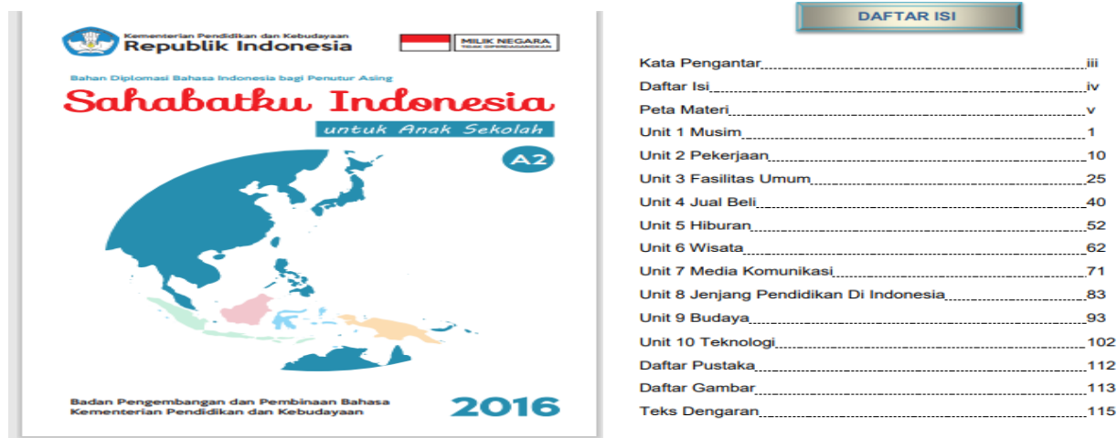
Gambar 3 Tema-tema dalam BIPA 2 (A2) dalam buku Sahabatku Indonesia

Selanjutnya, teknik pengumpulan data untuk tanggapan pemelajar diperoleh dengan cara menanyakan langsung kepada pemelajar setelah materi menyimak diberikan, baik saat online di Zoom maupun tanya jawab melalui WA. Materi menyimak yang dinilai pemelajar tidak semuanya, namun hanya beberapa saja. Materi menyimak BIPA 1 yang dibandingkan penilaian pemelajar adalah tema audio “Rumah.” Penilaian dilakukan saat pembelajaran BIPA 1, yakni pada jam ke-87 – ke-90 dari 100 jam pembelajaran BIPA 1 secara online di IPB pada bulan Oktober 2021. Selanjutnya, materi BIPA 2 yang dinilai pemelajar adalah Tema 2, 3, dan 4 pada bulan November 2021.
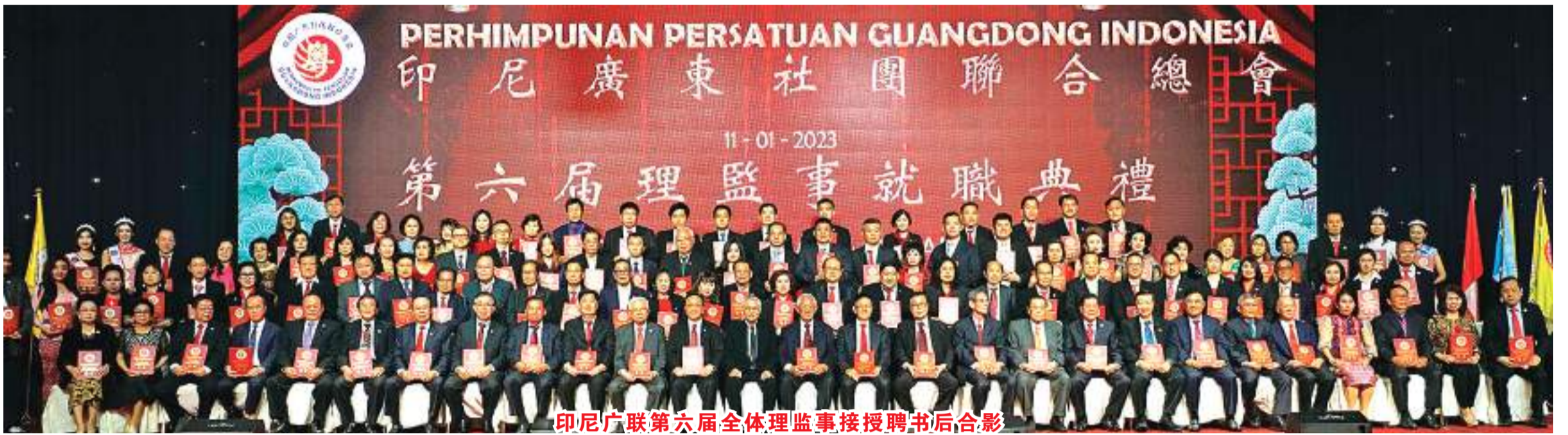
印尼广联第六届全体理监事授聘书后合影
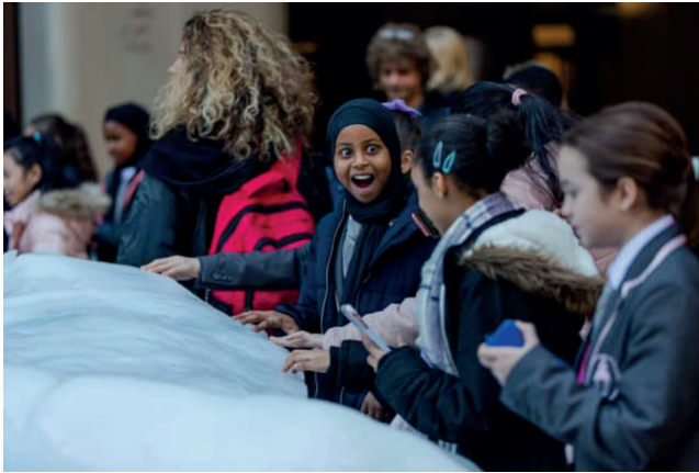
Şekil 2. Olafur Eliasson, Ice Watch (Buz Nöbeti), 2014.

Bir diğer sanatçı Maya Lin "What is Missing?" (Ne Eksik?) adlı projesiyle, iklim değişikliği ve biyolojik çeşitlilik kaybı gibi çevresel meseleleri gündeme taşır. Şekil 3'de görülen çalışma, ilk kez 2009'da yayınlanan ve ziyaretçilerin videoları ve sesleri keşfetmesi, türler ve habitat kaybı hakkında bilgi edinmesi ve geleceğin gidişatını değiştirmenin yollarını bulması için devam eden bir etkileşimli projedir (Macaulaylibrary: 2017). Sanal bir bellek alanı olarak kurgulanan bu projede Lin, iklim değişikliğinin ve insan müdahalesinin dünyadaki ekosistemler üzerinde yarattığı yıkımı
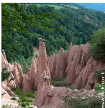
Atrações e lazer
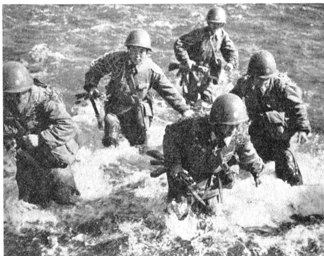
Nordkoreanische Soldaten beim Durchwaten eines Flusses
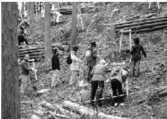
参加者による植樹
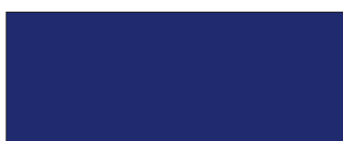
344 Blu scuro
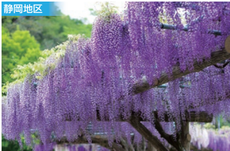
4/22 東海道線 藤枝駅スタート・蓮華寺池公園の藤
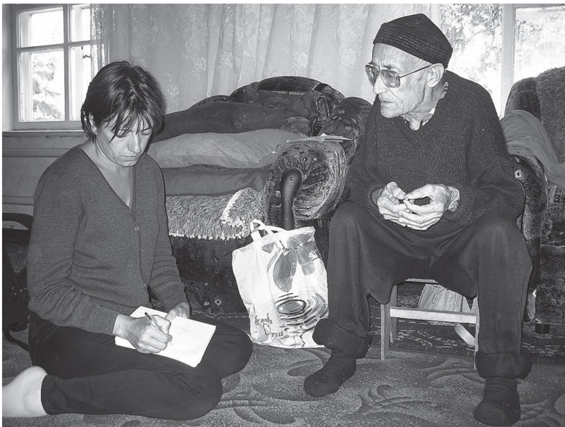
Беседа в ауле Артакишл. Омская обл., Шербакульский р-н. 2009 г.

Это общая для историков, социологов или антропологов ситуация перевода и интерпретации. Во-первых, гуманитарные науки принимают во внимание то адекватное знание, которое содержится в представлениях акторов о своих действиях. Во-вторых, и сами гуманитарные науки являются интерпретирующими дисциплинами. Поэтому очевидно, что наша реконструкция реальности во многом зависит от реакции и представлений наших собеседников. Естественно, мы пытались отслеживать и фиксировать все возможные реакции на то или иное событие или явление, сам процесс интерпретации акторами их действий. Следуя призыву Франсуа Досса, мы принимали всерьез представляемые нам аргументы и не пытались «их принизить или дискредитировать, противопоставляя им свою, якобы более глубокую интерпретацию» (Досс 2013: 15). Таким образом, мы стремились следовать интерпретационной парадигме, которая «выявляет значение интерпретации в структурировании деятельности, используя весь концептуальный ряд, все семантические категории, имеющие отношение к действию: интенции, волю, желания, мотивы, чувства и т. д. ...при этом повышается значение повседневности и самых разнообразных форм социальной жизни» (Досс 2013: 16).
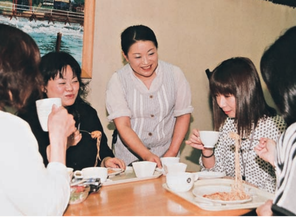
忙しい中でも女性職員の皆さんとかわす会話はとても楽しい

## WHAT IS BEING ASKED:
Output every record above exactly, leaving out the pictures.

## SOLUTION TO THIS TASK:
Gambar 3 Tema-tema dalam BIPA 2 (A2) dalam buku Sahabatku Indonesia

Selanjutnya, teknik pengumpulan data untuk tanggapan pemelajar diperoleh dengan cara menanyakan langsung kepada pemelajar setelah materi menyimak diberikan, baik saat online di Zoom maupun tanya jawab melalui WA. Materi menyimak yang dinilai pemelajar tidak semuanya, namun hanya beberapa saja. Materi menyimak BIPA 1 yang dibandingkan penilaian pemelajar adalah tema audio “Rumah.” Penilaian dilakukan saat pembelajaran BIPA 1, yakni pada jam ke-87 – ke-90 dari 100 jam pembelajaran BIPA 1 secara online di IPB pada bulan Oktober 2021. Selanjutnya, materi BIPA 2 yang dinilai pemelajar adalah Tema 2, 3, dan 4 pada bulan November 2021.
印尼广联第六届全体理监事授聘书后合影
Şekil 2. Olafur Eliasson, Ice Watch (Buz Nöbeti), 2014.

Bir diğer sanatçı Maya Lin "What is Missing?" (Ne Eksik?) adlı projesiyle, iklim değişikliği ve biyolojik çeşitlilik kaybı gibi çevresel meseleleri gündeme taşır. Şekil 3'de görülen çalışma, ilk kez 2009'da yayınlanan ve ziyaretçilerin videoları ve sesleri keşfetmesi, türler ve habitat kaybı hakkında bilgi edinmesi ve geleceğin gidişatını değiştirmenin yollarını bulması için devam eden bir etkileşimli projedir (Macaulaylibrary: 2017). Sanal bir bellek alanı olarak kurgulanan bu projede Lin, iklim değişikliğinin ve insan müdahalesinin dünyadaki ekosistemler üzerinde yarattığı yıkımı
Atrações e lazer
Nordkoreanische Soldaten beim Durchwaten eines Flusses
参加者による植樹
344 Blu scuro
4/22 東海道線 藤枝駅スタート・蓮華寺池公園の藤
Беседа в ауле Артакишл. Омская обл., Шербакульский р-н. 2009 г.

Это общая для историков, социологов или антропологов ситуация перевода и интерпретации. Во-первых, гуманитарные науки принимают во внимание то адекватное знание, которое содержится в представлениях акторов о своих действиях. Во-вторых, и сами гуманитарные науки являются интерпретирующими дисциплинами. Поэтому очевидно, что наша реконструкция реальности во многом зависит от реакции и представлений наших собеседников. Естественно, мы пытались отслеживать и фиксировать все возможные реакции на то или иное событие или явление, сам процесс интерпретации акторами их действий. Следуя призыву Франсуа Досса, мы принимали всерьез представляемые нам аргументы и не пытались «их принизить или дискредитировать, противопоставляя им свою, якобы более глубокую интерпретацию» (Досс 2013: 15). Таким образом, мы стремились следовать интерпретационной парадигме, которая «выявляет значение интерпретации в структурировании деятельности, используя весь концептуальный ряд, все семантические категории, имеющие отношение к действию: интенции, волю, желания, мотивы, чувства и т. д. ...при этом повышается значение повседневности и самых разнообразных форм социальной жизни» (Досс 2013: 16).
忙しい中でも女性職員の皆さんとかわす会話はとても楽しい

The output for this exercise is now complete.